Três figuras importantes da democracia portuguesa têm demonstrado como se faz marketing na política e como tudo pode correr ao contrário do esperado.

A recente vista do Presidente do Brasil a Portugal, Lula da Silva, foi o pretexto para se promover em definitivo o Chega e o seu líder, André Ventura, aos píncaros da política nacional. O presidente Marcelo Rebelo de Sousa quis fazer de Portugal o melhor anfitrião. É ainda certo que o Brasil tem multinacionais de forte interesse para Portugal, nomeadamente no cluster da aeronáutica, mas há sempre um limite.

Ainda poucas pessoas terão percebido a razão da atribuição da Grande Cruz da Ordem do Infante D. Henrique à primeira dama do Brasil, quando não foi explicada a decisão com base no expectável percurso artístico, cultural, académico, político ou militar da galardoada em questão.

Mais grave foram as opções a quente do presidente da Assembleia da República (AR), Augusto Santos Silva, número dois da hierarquia do Estado, que nesta semana do 25 de Abril e da visita de Lula da Silva fez uma promoção sem precedentes à ideologia, prática política e protagonismo do Chega e do seu líder. Isto tudo ao promover uma patética cena na AR, que entrará para os anais da história como o bilhete que André Ventura precisava para chegar em breve ao Governo de Portugal.

Em vez de promover a sua exclusão do regime e do sistema político português, o presidente da AR esteve, e está, a fazer exatamente o contrário, lembrando o que François Miterrand faz há muitos anos em França com a Frente Nacional de Jean-Marie Le Pen, e que só contribuiu para o seu enorme crescimento e esvaziamento do RPR (atuais Republicanos), e para a ascensão da filha Marine Le Pen, como provável Chefe de Estado e líder do próximo Governo de França na era pós-Macron.

Santos Silva demonstrou ser de uma inabilidade política total, o que já não é novidade, visto ao longo dos anos ter proferido declarações absolutamente patéticas, como aquela em que dizia gostar de malhar na direita.
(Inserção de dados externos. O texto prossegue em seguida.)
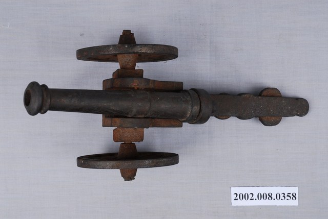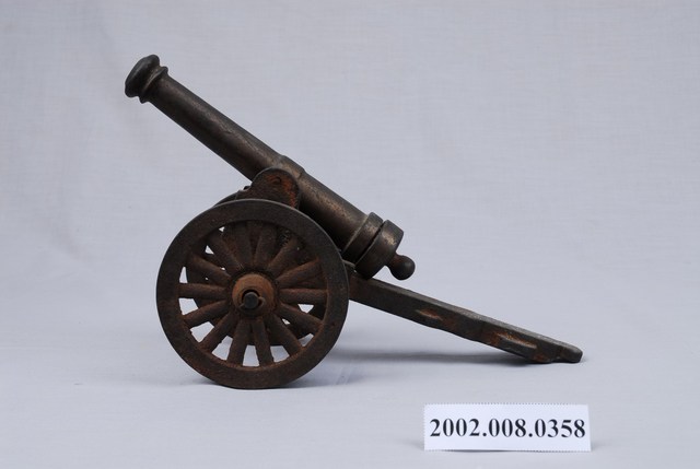 本件牽引式火炮模型主要作為擺飾使用,可分為砲架與砲身2部分,砲架以鑄鐵製成,其表面已略帶鏽痕,呈長條形結構,前端帶有兩片板耳,可以砲身凸出之砲耳接合,末端作曳引架與地面支撐架使用。砲架兩側帶有車輪,為傳統車輪樣式,外框作圓環型框架,框內帶有放射形幅條。砲身為前膛式,即由前方砲口塞入火藥包與鐵製彈丸,其材質為黃銅製作。
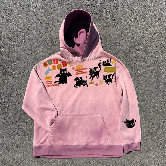 Cartoon Cat Print Heavyweight Hoodie WN16684
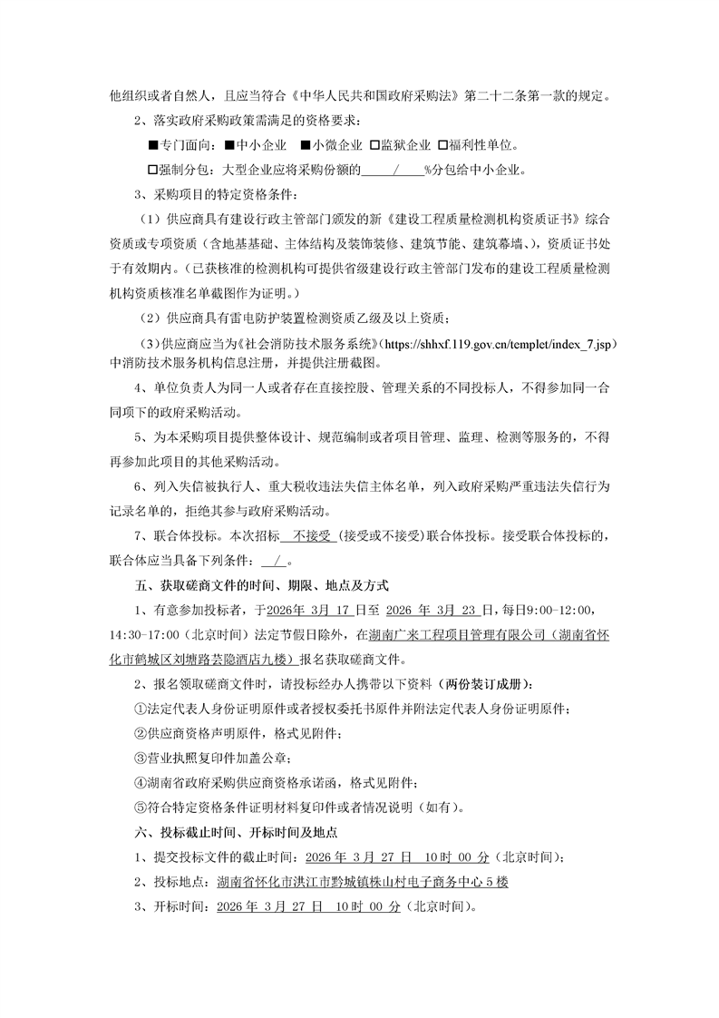 洪江市黔城农产品冷链物流项目第三方检测服务竞争性磋商邀请公告
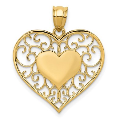 Black Bow Jewelry 14k Yellow Gold Diamond Cut Lattice Heart Pendant, 10mm - 1 of 4
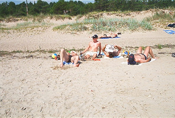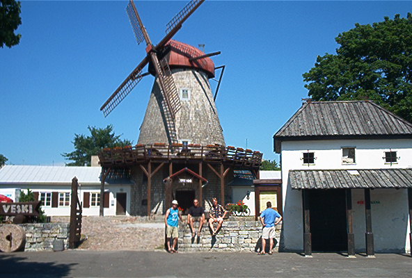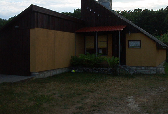 Lauttaan päästiin ja matka Saarenmaalle kesti n.1 tunnin ja 2 siideriä. Kuivastusta ei muuta kuin nokka kohti Kuressaarea eli Saarenmaan suurinta kaupunkia josta kämppä oli vuokrattu. Siellähän Helge Kuuk jo odottelikin Kuressaaren ensimmäisessä liikenneympyrässä vaaleassa Moskvitsissä.Hämmentys taisi olla aikamoinen kun Nissanista tuli ulos viisi karvasta sikaa eikä mitään pariskuntia, en ollut muistanut mainita varausta tehdessä että paikalle tulisi pelkkiä miehiä, esittelyt suoritettiin ja Helge lähti ajamaan edellä Puhkemajaa kohti ja kohta oltiinkin jo perillä.
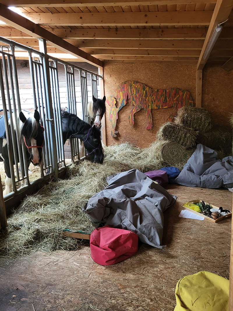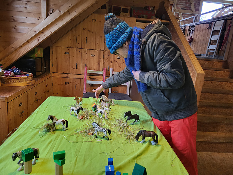 Hier ist die Bildbeschreibung: Eine Person mit blauer Mütze und Schal beugt sich über einen Tisch, auf dem sie eine Szene mit vielen kleinen Spielzeugpferden, Heu und Bauklötzen arrangiert hat. Die Szene findet in einem gemütlichen Raum mit Holzwänden und einer Holztreppe statt.
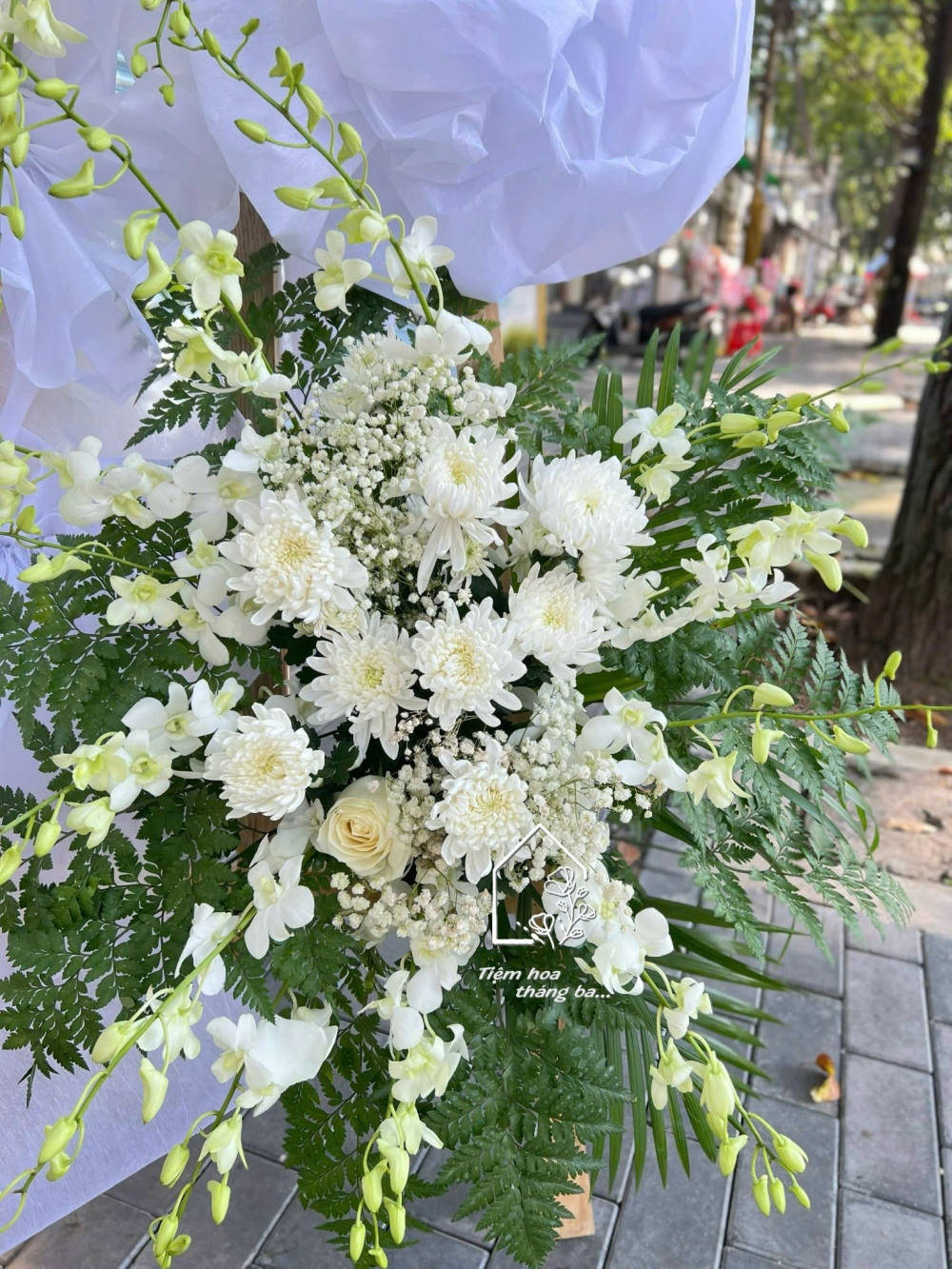 Kệ hoa viếng tone trắng mang vẻ đẹp trang trọng và tinh tế, là lựa chọn lý tưởng để thể hiện sự tiếc thương và lòng thành kính trong tang lễ. Tone trắng chủ đạo – biểu tượng của sự thuần khiết, yên bình – được phối hợp hài hòa giữa hồng trắng, cúc trắng, lan trắng và các loại hoa điểm nhẹ nhàng, tạo nên tổng thể thanh thoát nhưng vẫn đầy sâu lắng.
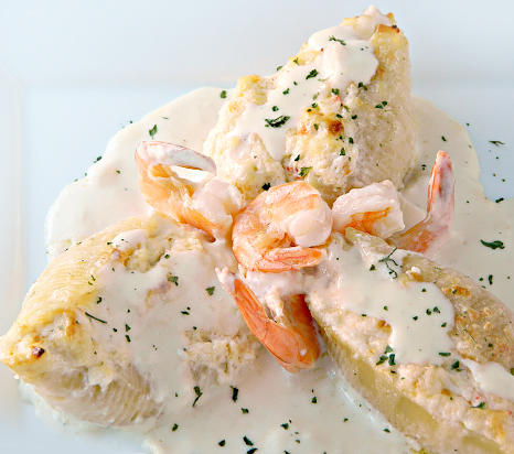Shrimp & Crab Stuffed Shells in Garlic Cream Sauce
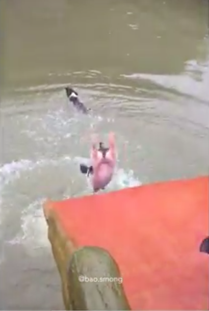 ▼下一隻小豬連忙跟上,也跳了下去。這跳水姿勢不夠專業,但非常可愛啊。
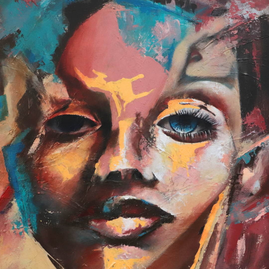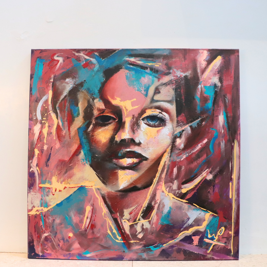 Acrílico con textura y presencia visual marcada. Diseñado para llenar el ambiente de energía y color.

Agora, parece gostar de malhar no Chega. No entanto, malhar no Chega nesta fase é promovê-lo e alavancar Ventura a uma posição com que este nunca poderia ter sonhado.

A verdade é que muito dificilmente haverá um governo de centro-direita sem o Chega, pois os restantes partidos, PSD, IL e CDS, não são suficientes para uma maioria. Aqui, o líder do PS, António Costa, foi arguto ao ponto de diabolizar o Chega e obrigar o PSD a ostracizá-lo, para, desta forma, a direita não chegar ao poder.

Para já, o objetivo de transformar Ventura no satanás do regime está a fazer dele exatamente o contrário, o salvador do sistema. Os analistas estão cada vez mais convencidos de que não haverá governo pós-Costa sem que Ventura esteja no executivo diretamente ou via acordo parlamentar. E aspirando a ser maior do que o PSD, tal como aconteceu em Itália, com o esvaziamento do Forza Italia e o crescimento de Giorgia Meloni.

Mais. A queda do PSD é particularmente desastrosa. O PS foi avisado de que esta será uma estratégia perigosa de aniquilação de outro partido do arco constitucional, e que tem sido necessário para fazer maioria em matérias críticas, como a alteração da Constituição.

Lembremos ainda que, no passado, a esquerda, PCP e Bloco arrastaram o PS e acusaram PSD e CDS em plena AR de serem partidos fascistas, e várias vezes, sobretudo no período da Troika, usaram expedientes semelhantes aos que agora Ventura usou contra Lula.